Tag Archives: Painting

I’m Still Here…

So…It’s the beginning of May and I haven’t written in this blog since sometime in December.  The longer the time has elapsed the more intimidating it has become to produce something new…just because I think after the last 4 months I should perhaps report back something…say…earth shattering.  However, it’s not really the case.

I’m still here.

But I did take advantage of the summer here and had an extended period of vacations in Argentina, Uruguay and Brazil…    

    

      

    

      

And when I came back, I felt great.

And now I also have the new experience of dating someone in Santiago which is making me happy:)

And I am also painting again.  Returning to my art has been great…even if I am not doing it every day.

Of course when I think about being here…I am still pressuring myself over finding a good meaning and purpose and if am I am living up to all that I could do here…not only for myself, but I also spend a lot of time being conscious of my affect on others as a foreigner here.  Probably I’m not, at least living up to all of the expectations I place on myself and sometimes I feel a little overwhelmed…in fact I think too much focus on this stops me dead in the tracks of enjoying myself here.

A couple years ago I worked for a mental health institute, as an assistant to train people in the mental health field.  There I learned about a concept in which all people have a “core value.”  It speaks of the person one is at their core beyond what defines them as a worker with skills or even their own personality traits.  The process of learning about your “core value” is through a series of questions which takes place in a group.  It can last for hours as the group discusses and decides what they feel could possibly motivate you as a person.  I remember mine being about curiosity.  It was as simple as that.  I’m a curious person and somehow my curiosity is supposed to work for me in this life.

As I return to how I originally felt about coming here, I think about how I tried something very random and let myself see where I would go with that experience…all for the joy of exploring and traveling.  Each experience building upon another…and here I am.  When I think of the core of me…a person who loves to investigate and experience things….I came here because I was acting on an instinctual desire of something I love to do for my own curiosity.  Maybe it was a little random, but I started something and now I am trying to figure out what it means to me.

Because i’ve been painting again, I’ve realized that my process of painting is very similar…because I have always started my work with some very random marks and no image in mind (all of my work is abstract)…and many layers later it slowly becomes something but not without fighting with it.  The constant struggle is the part I hate and so I always feel like I don’t completely love painting.

For years this has made me think that maybe I am not a “real” painter…because it doesn’t always flow for me.  Actually, it never completely flows for me and sometimes I have no idea what the hell I am working towards because I had no idea in the first place (one would think that by now I would considering making a plan…but I just don’t work that way!!).  Usually the middle point of my paintings look like a freaking mess of small build ups of texture and color that I don’t want to give up, but they don’t quite support the whole of the painting.  Usually it takes me some time to back away and come back and simplify everything after I’ve let it be for a while.  Every painting is the same.  During the process of it all, it’s difficult for me to realize that I need to eliminate those things to find a balance in the painting.  It can make me feel very insecure as a painter.  The only thing that keeps me going is that somehow I have always had this tenacity (coincidentally…very similar to my last name) where I don’t give up until I find some sort of ending that satisfies me.  And I always love the outcome of all my work.
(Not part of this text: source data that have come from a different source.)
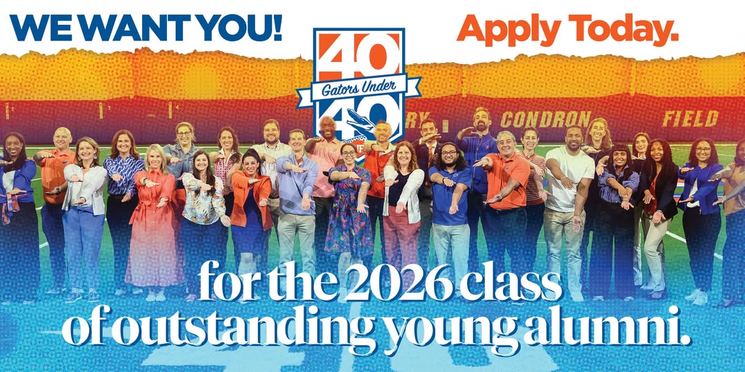 Attention Gators ‼️ The search is ON for the next class of #40GatorsUnder40! We're looking for the trailblazers, the innovators, the Gators who are making a difference in their communities and professions. Do you bleed orange and blue and are making a real difference? Applications close Monday, September 8. APPLY today: https://go.ufl.edu/40gatorsunder40 UF College of Liberal Arts and Sciences UF College of Agricultural and Life Sciences UF Warrington College of Business UF College of the Arts UF College of Design, Construction and Planning UF College of Public Health and Health Professions University of Florida College of Pharmacy University of Florida College of Education University of Florida College of Veterinary Medicine University of Florida College of Health and Human Performance UF Herbert Wertheim College of Engineering UF Digital Worlds Institute UF College of Dentistry UF College of Medicine UF College of Nursing UF College of Journalism and Communications UF Levin College of Law (fb)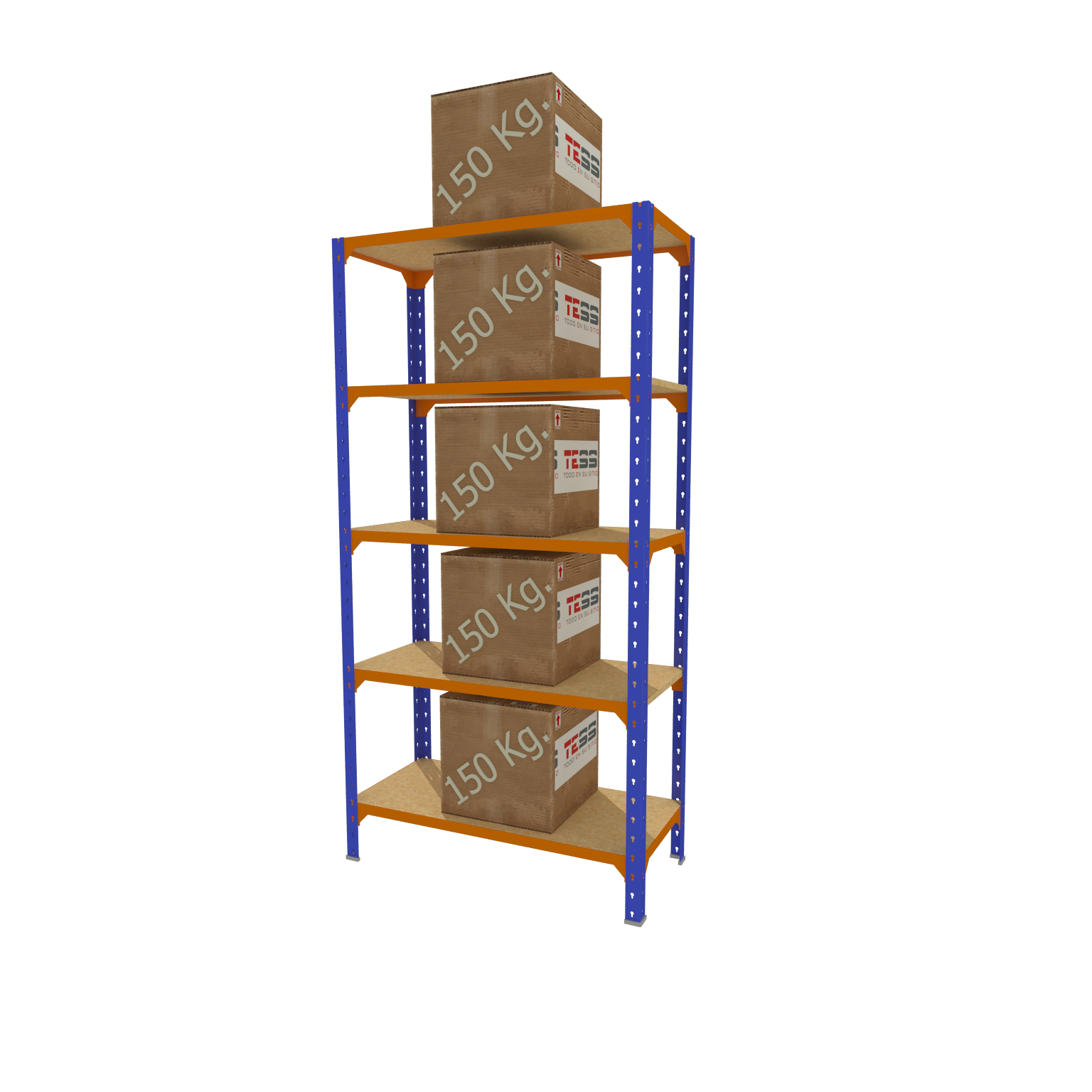 - Estantería metálica modelo Maderclick de 5 baldas con tablero aglomerado 12mm incluidos.
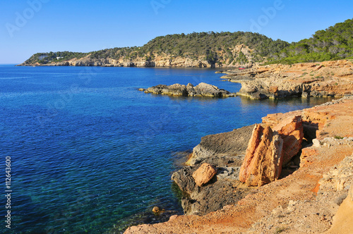 a view of the Mediterranean Sea and a cliffy landscape of the northeastern coast of Ibiza Island, in the Balearic Islands, Spain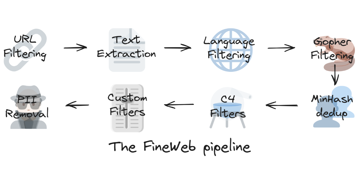 - Data Collection: Internet-scale datasets like FineWeb (15T tokens, 44TB).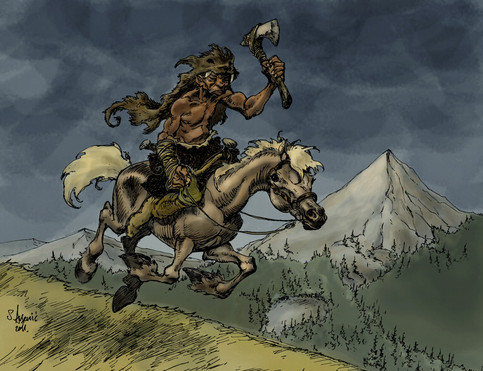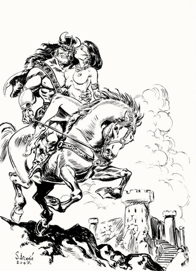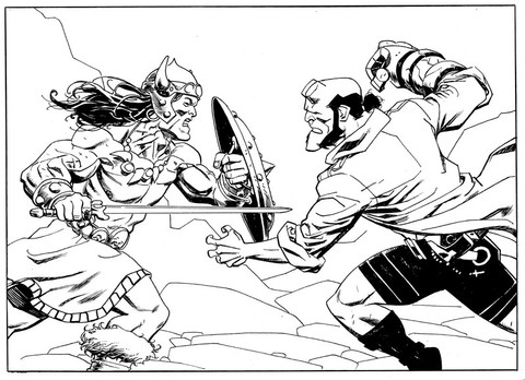 Mike Mignola, s Hellboy in his adventures met many interesting and an usual historical character. In this illustration I put Him together with Djorde Petrovic Karadjordje (Black George, this is the nickname his enemies βTurks gave to him). Karadjordje was leader of Serbian people in his fight for liberation from the Turkish tyranny et year 1804. And he vas very original and interesting historical personality who has everything that one comic book character should have.I make this illustration traditionally with pen and ink on paper and then colored it with Photoshop.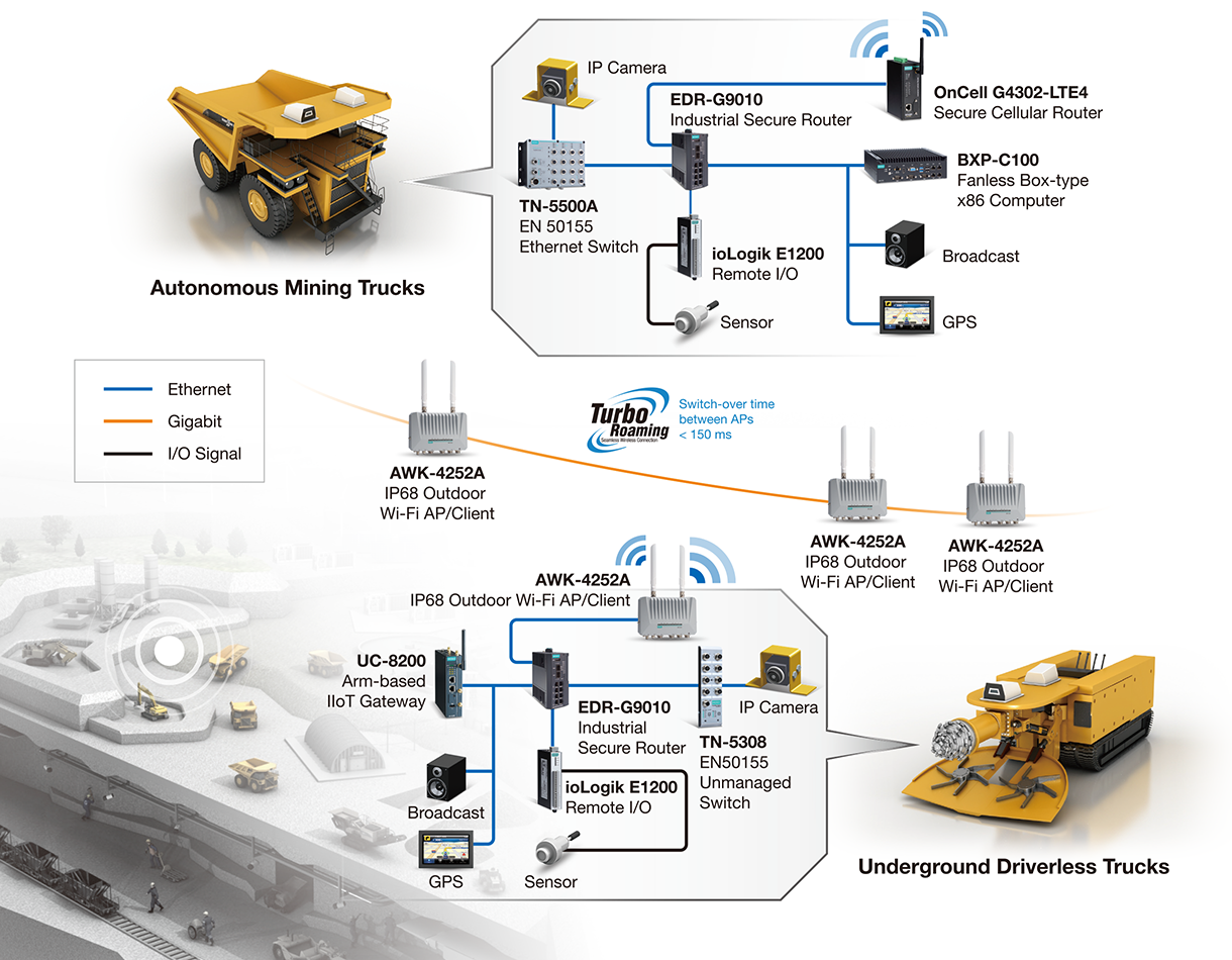 Надійна автоматизація гірничодобувної промисловості залежить від стабільності мереж зв'язку. Будучи лідером у галузі периферійних підключень, промислових обчислень та мережевої інфраструктури, Moxa має більш ніж 37-річний галузевий досвід. Наші новаторські технології та надійні рішення визнані у всьому світі та успішно застосовуються на рудниках по всьому світу. Наша сфера діяльності охоплює широкий спектр гірничодобувних операцій, включаючи автономні транспортні засоби, керування автопарком, підземні розробки, моніторинг довкілля, керування процесами та інтеграцію гібридних систем керування живленням для відновлюваних джерел енергії та систем акумуляторного зберігання енергії (BESS).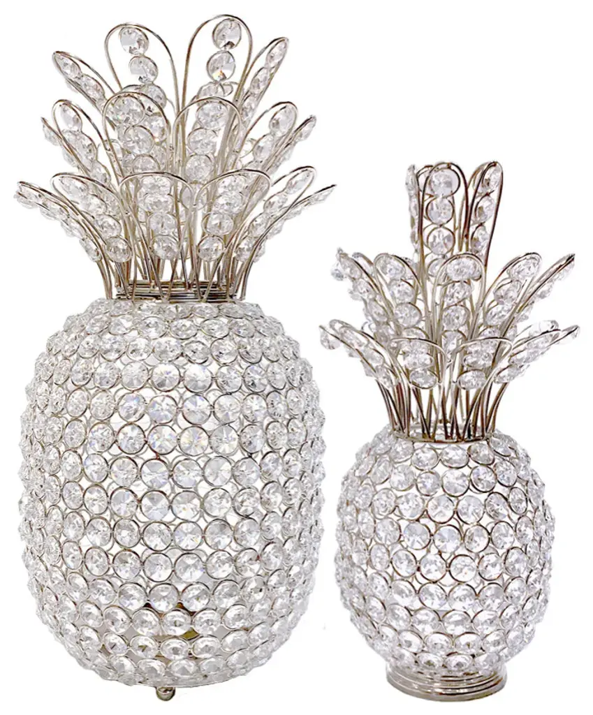 The Pina Medium Cristal Silver Pineapple is an Elegant Statement Piece on any Tabletop. The Many Sparkling Crystals Accentuate this Accessory. It''s Versatile, and the Glamorous Facets Displays Beautifully when the T-Lite Candle is Lit. It Creates a Shimmering Effect which Compliments any Decor.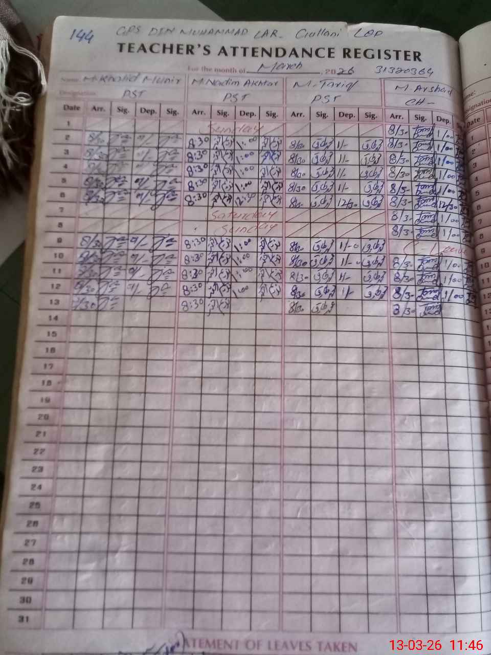 | Name: MU**** TA**** Designation: (School Headmaster's/Headmistress's) PST Phone/Cell Number: 03**** |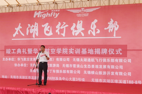 6月30日,山水城旅游度假区雪浪山举行了太湖飞行俱乐部竣工典礼暨华飞航空学院实训基地的揭牌仪式,学校党委书记朱爱胜应邀参加太湖飞行俱乐部的剪彩仪式,校长龚方红代表学校对太湖飞行俱乐部与航空学院实训基地的正式运行致辞祝贺,并参加华飞航空学院实训基地的揭牌仪式。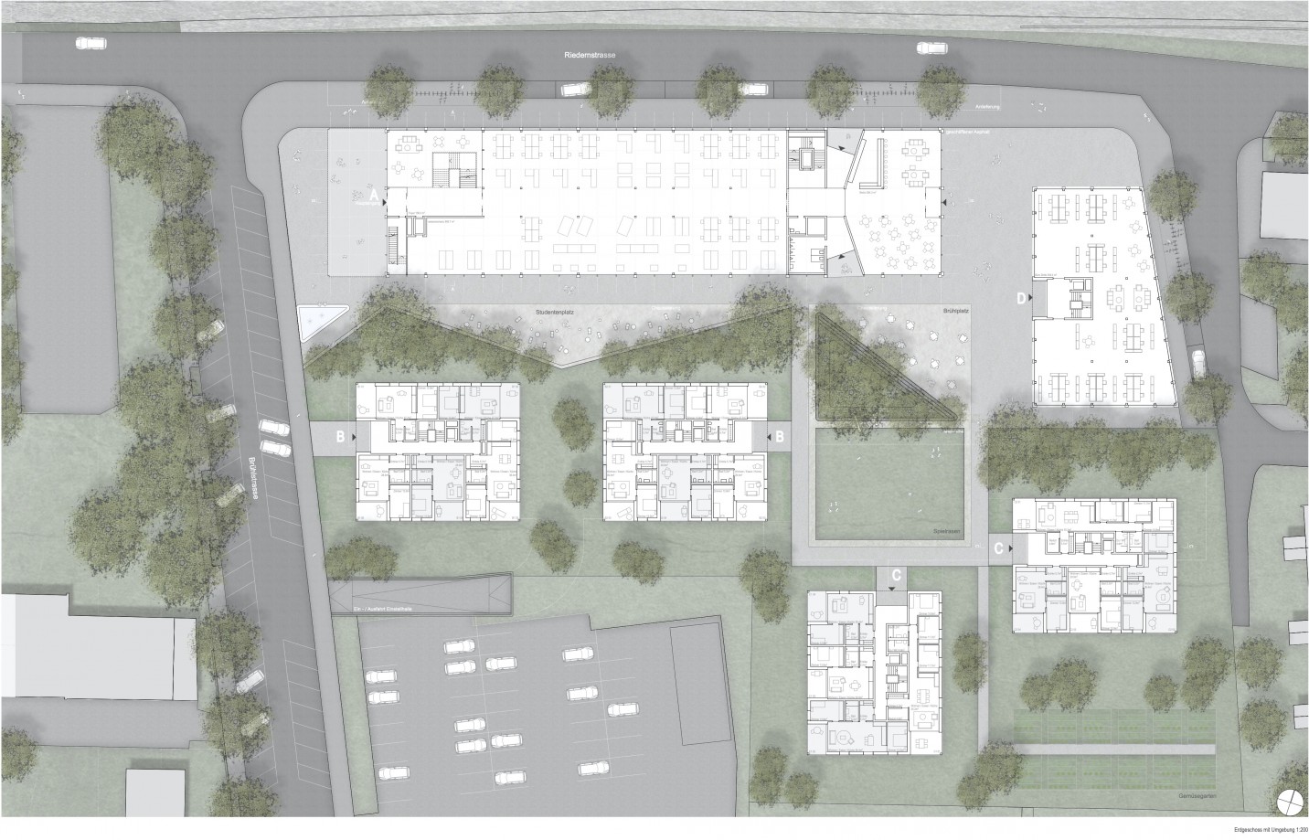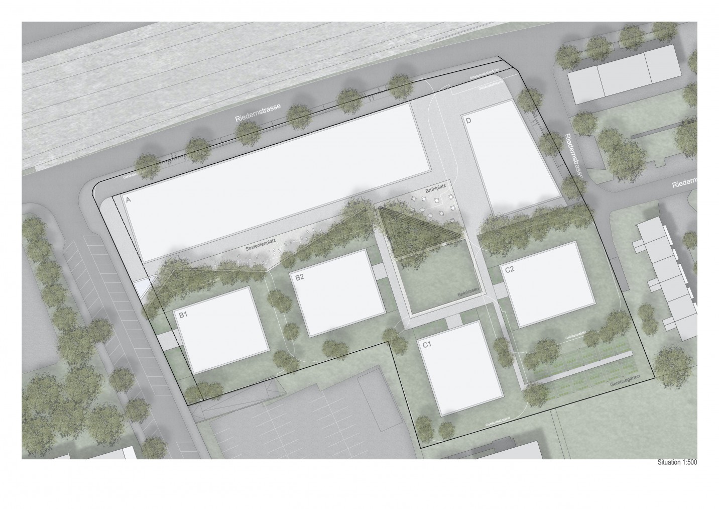 Unser Projektvorschlag sieht eine ortsbauliche Einpassung mit klar gefassten und kompakten Gebäudekörpern vor. Nebst dem Längsbau des Schulungsgebäudes A, schlagen wir fünf weitere Solitärbauten vor. Die Geschossfläche des viergeschossige Schulgebäude A wurde so optimiert, dass die Grundrissorganisation optimal für die Nutzer abgestummen ist. Das Schulgebäude A weisst eine Gebäudehöhe von 15.40 m auf. Die weiteren Gebäude wurden alle mit vier Vollgeschossen geplant. Die Geschossflächen wurden der Wohnnutzung entsprechend optimiert. Durch die Setzung der vier Wohnbauten B1 und B2, sowie C1 und C2 in einer parkähnlichen Umgebung, werden diese durch einen Grüngürtel von Schulbetrieb abgetrennt. Trotz der räumlichen Nähe zum Schulgebäude A entstehen so attraktive Wohnungen. Der fünfte Solitärbau D bildet den nordöstlichen Abschluss des Campus Brühlpark.
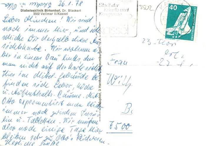 73935597 alte Postkarte Vellmar Diabetesklinik Birkenhof postalisch gelaufen Erhaltung siehe scans [FriedD77] KatCode: 11110006633026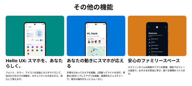 また、フォント、カラー、アイコンを自分好みにカスタマイズできる「Hello UX」機能や、手首をひねってカメラを開いたり、2回振り下ろしてフラッシュライトを点灯させたりなど直感的にスマホを使えるジェスチャー機能などに対応しています。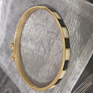 This sophisticated bracelet from Kate Spade showcases a striking black and white enamel striped design with a charming bow accent at its center. Crafted in a sleek, rigid bangle style, approx 2.75" across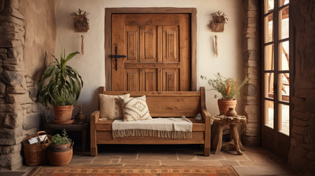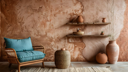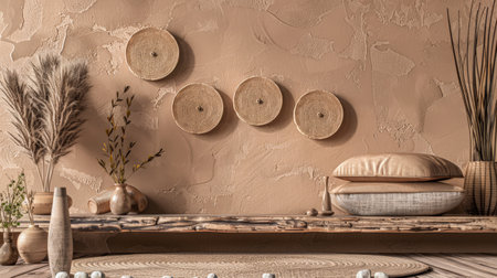 Serene minimalist interiors with natural textures and warm colors. Interior design composition with copyspace for text.
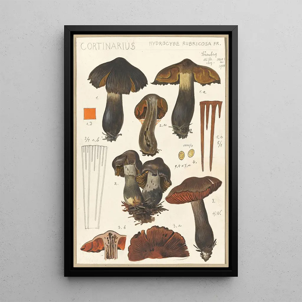 La stampa d'arte dell'opera "Cortinaire" di Hans Baldung ci immerge in un universo affascinante dove la natura e l'immaginario si incontrano. I colori vibranti, che vanno dal verde profondo ai marroni terrosi, creano un'atmosfera al tempo stesso mistica e organica. La tecnica di Baldung, caratterizzata da pennellate audaci e da un'attenzione meticolosa ai dettagli, dà vita a questo fungo in un gioco di ombra e luce. Ogni elemento della tela sembra respirare, invitando lo spettatore a esplorare le sottigliezze della composizione e a interrogarsi sul messaggio nascosto dietro questa rappresentazione.

If that is not an analogy of the way I live my life, I don’t know what is.  My creative process pretty much equals the way in which I live my life.  I struggle and try to do so many things that seem to sometimes be going somewhere or that might lead to something temporarily but then go nowhere and something inside me tries to resist so many things that could perhaps be easier until one day I clear away all of the fears and “problems” and find a sudden peaceful resolution.  The thing is…for some reason I have to go through trying all the possibilities until I find that resolution.  I don’t know any other way.  Yet, I always put up the same fight because there are so many times when I hold on so tight to those same “small build ups of texture and color” in my life that I think are going to keep me feeling so “secure,” but are not supporting the real me totally.  And, just as with my art, it makes me also not always completely love myself.

My original intentions of being here were to explore.  It wasn’t until I came here that my purpose began changing and taking different forms and avenues…maybe I need to remind myself of the origin of who I am…that person who loves to “explore and investigate”…who is “curious”…and that it is okay just being that…because I can feel downright insecure considering all of my plans and intentions and whether I am doing all of them the best I can.

Leaving the city for the day yesterday and being in nature, was an affirmation to give space for what I love.  It reminds me of my very first blog entry of when I went hiking in the mountains for the first time here.

Maybe the best purpose I can offer in my life right now is what I feel that my art is supposed to be about until I begin challenging it with all of the expectations of what the outcome should be…its a matter of play…the joy of building and creating and seeing where it takes me.  I perfected this in my childhood and as an adult I hold on.  This is what I need to remember about both painting and my life…to take a little advice from my silly side in which I feel the most free…let go of trying to make it all work, give it some space and accept the absurdity of it all because maybe that is where I sort everything out and it comes together for me.